Question 11 (2 points)
Pythagorean Theorem in Three Dimensions
What is the length of d?
a
Exactly 5 m
b
Approximately 15.1 m
c
Approximately 14.5 m
d
Exactly 14 m
c
Approximately 14.5 m
No question was stated that would have been answered, but the robot tutor mysteriously answered one.
How odd is that.
To find the length of d, we can use the Pythagorean theorem in three dimensions. The Pythagorean theorem states that in a right-angled triangle, the square of the hypotenuse (the side opposite the right angle) is equal to the sum of the squares of the two other sides.
In this case, we have a right-angled triangle with sides of length 5 m and 14 m.
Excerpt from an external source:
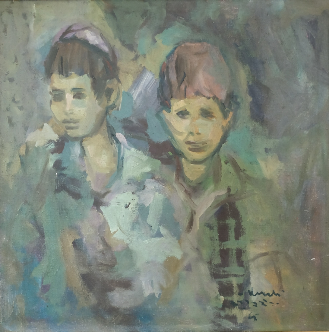 יהודה ורדי (Yehuda Vardi) - 'שני ילדים' - שמן על בד, חתום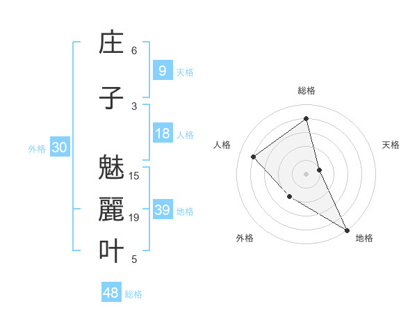 庄子 魅麗叶さんの地格は39画の5点!

We can use the Pythagorean theorem to find the length of the hypotenuse (d):
d^2 = 5^2 + 14^2
d^2 = 25 + 196
d^2 = 221
To find the length of d, we need to take the square root of both sides:
d = √221
Using a calculator, we can find that √221 is approximately 14.87.
Therefore, the length of d is approximately 14.87 m.
So the correct answer is b) Approximately 14.5 m.
To find the length of side d in three dimensions using the Pythagorean theorem, we need to have the lengths of the other two sides, a and b. However, the lengths of sides a and b are not provided in the question.
The Pythagorean theorem states that in a right triangle, the square of the length of the hypotenuse (in this case, side d) is equal to the sum of the squares of the lengths of the other two sides (sides a and b).
Therefore, we cannot determine the length of side d based on the information given in the question.